Frau Ewen, Sie machen sich für mehr Frauen in Führungspositionen der Forschung stark. Haben wir da Nachholbedarf in Deutschland? Und wo steht Ihre eigene Organisation?
Ewen Absolut. Das ist allerdings nicht nur ein Problem in der Forschung. Mehr Frauen auf allen Karrierestufen muss auch gesamtgesellschaftlich gesehen das Ziel sein. Fraunhofer engagiert sich seit vielen Jahren dafür, den Anteil von Wissenschaftlerinnen auf allen Karrierestufen zu erhöhen. Der Fraunhofer-Vorstand hat dazu eine Reihe von Maßnahmen beschlossen. Bei den Institutsleitungen und wissenschaftlichen Direktorinnen und Direktoren der Fraunhofer-Gesellschaft haben wir derzeit etwas mehr als 13 Prozent mit Frauen besetzt. Zum Vergleich: 2020 waren es noch 7 Prozent. Auf der Ebene der Führungskräfte mit disziplinarischer Befugnis haben wir einen Frauenanteil von knapp 18 Prozent. Bei den Neueinstellungen liegen wir bei einem Frauenanteil von 28,6 Prozent, 2020 waren es 27 Prozent. Der Frauenanteil steigt kontinuierlich, aber wir sind natürlich noch lange nicht da, wo wir sein wollen.
Was tun Sie konkret, um Gender Equality bei Fraunhofer durchzusetzen?
Ewen Die Erhöhung des Frauenanteils lässt sich nicht schnell erzwingen. Man darf auch nicht immer nur auf die Quoten schauen. Eine Institutsleiterin macht noch keine genderneutrale Arbeitskultur, ein gendersensibles Formular für das Personalgespräch noch keine faire Personalpolitik. Die Strategie muss sein, die Kultur der Zusammenarbeit auf allen Ebenen und im Alltag fair für alle zu gestalten. So kann sich jede Person entsprechend ihrer eigenen Qualifikationen weiterentwickeln und neue Aufgaben oder Führungspositionen übernehmen – unabhängig von Geschlecht, ethnischer Herkunft, Religion, Weltanschauung, Behinderung, Alter oder sexueller Identität.
Wie unterstützt die Zentrale in München diese Strategie?

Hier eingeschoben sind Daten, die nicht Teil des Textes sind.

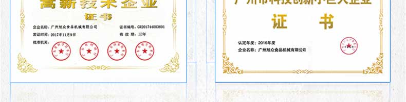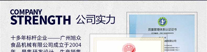 廣州旭眾食品機械有限公司是一家集科研開發,生產設計,營銷服務為一體的現代化生產企業?,F代化生產車間,精湛制造技術,所產機械歷經市場重重考驗,不斷贏得海內外客戶的贊譽。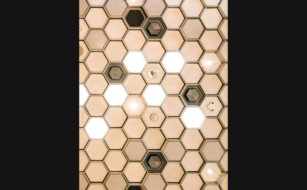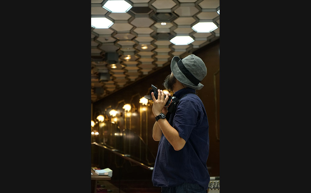 建物の内部に目を移しても、斬新なデザインが随所に織り込まれているソニービル。 続いて、高木氏が次に着目したのは、7Fのフロアから真上を見上げた際に目に飛び込んでくる「ハニカム(=六角形)」構造。 ライト、スプリンクラー、スピーカーなど、様々な構造物がランダムに配置されている様に、ある種の「生命感」のようなものも感じることができるという高木氏。 α7シリーズのダイナミックレンジの広さにより、逆光下でも照明の光・天井のデザイン共に、あますところなく記録してゆく。

Ewen Fraunhofer hat sich die Chancengleichheit von Frauen und Männern als unternehmerisches Ziel gesetzt und verfolgt dieses seit 2013 mit einem nachhaltigen Gesamtkonzept, das aus systematisch miteinander abgestimmten Bausteinen besteht. Im Rahmen dieses Konzepts wurden Maßnahmen und Programme in den sechs Bereichen Rekrutierung, Karriereförderung, Kommunikation, Kulturentwicklung, Monitoring und Rahmenbedingungen aufgesetzt und etabliert. So wurden beispielsweise für den Zeitraum 2021 bis 2025 neben dem Fraunhofer-weiten Ziel einer durchschnittlichen jährlichen Einstellungsquote von Wissenschaftlerinnen von mindestens 32 Prozent erstmals auch institutsindividuelle Einstellungsquoten für Wissenschaftlerinnen festgelegt.

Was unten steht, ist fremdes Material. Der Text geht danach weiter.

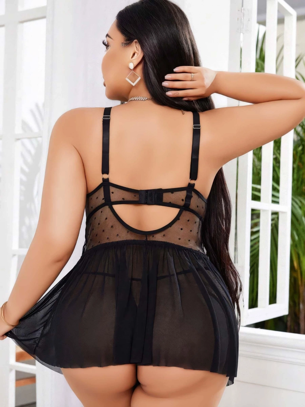 Kadın Nakışlı Siyah Gotik İp Askılı Büyük Beden Tüllü Transparan Fantezi Gecelik 8007

Wir haben zentralseitig ein Begleitprogramm Chancengleichheit mit verschiedenen Modulen. Es soll die Fraunhofer-Institute dabei unterstützen, eine Strategie für mehr Chancengleichheit vor Ort zu entwickeln und ihre Prozesse und Strukturen chancengerechter zu gestalten. Dies zielt auch auf die Neueinstellung und Karriereentwicklung von Wissenschaftlerinnen ab. Wir unterstützen die Verantwortlichen an den Instituten von der Zentrale aus mit Themenworkshops, Peer-Austausch und Best-Practice-Workshops. Wir arbeiten intensiv daran, unser Gesamtkonzept in allen Aspekten auf diese Ziele auszurichten. Wir setzen Zielvorgaben, passen unser Recruiting an, wenn sich etwas nicht bewährt, entwickeln die Personalgespräche weiter und setzen Schulungen für die Mitarbeitenden und das Führungspersonal auf.
Vorurteilen vorbeugen
Wichtig ist: Wir dürfen nicht stehen bleiben, sondern müssen uns immer wieder hinterfragen und auf der Basis neuer Erkenntnisse weiterentwickeln. So beschäftigen wir uns seit einigen Jahren intensiv mit dem immer noch häufig unterschätzte Thema Gender Bias oder Unconscious Bias. So haben wir zum Beispiel ein E-Learning zum bewussteren Umgang damit eingeführt, das alle Institute nutzen können. Das Besondere daran ist, dass sich alle Mitarbeitenden in dem digitalen Training auf den Weg in der Rolle einer Institutsleitung, Projektleitung oder studentischen Hilfskraft auf den Weg machen, die neue Fraunhofer-Innovation zu entwickeln. Auf diesem Weg müssen sie Entscheidungen treffen, bei denen sie auf Unconscious Bias stoßen.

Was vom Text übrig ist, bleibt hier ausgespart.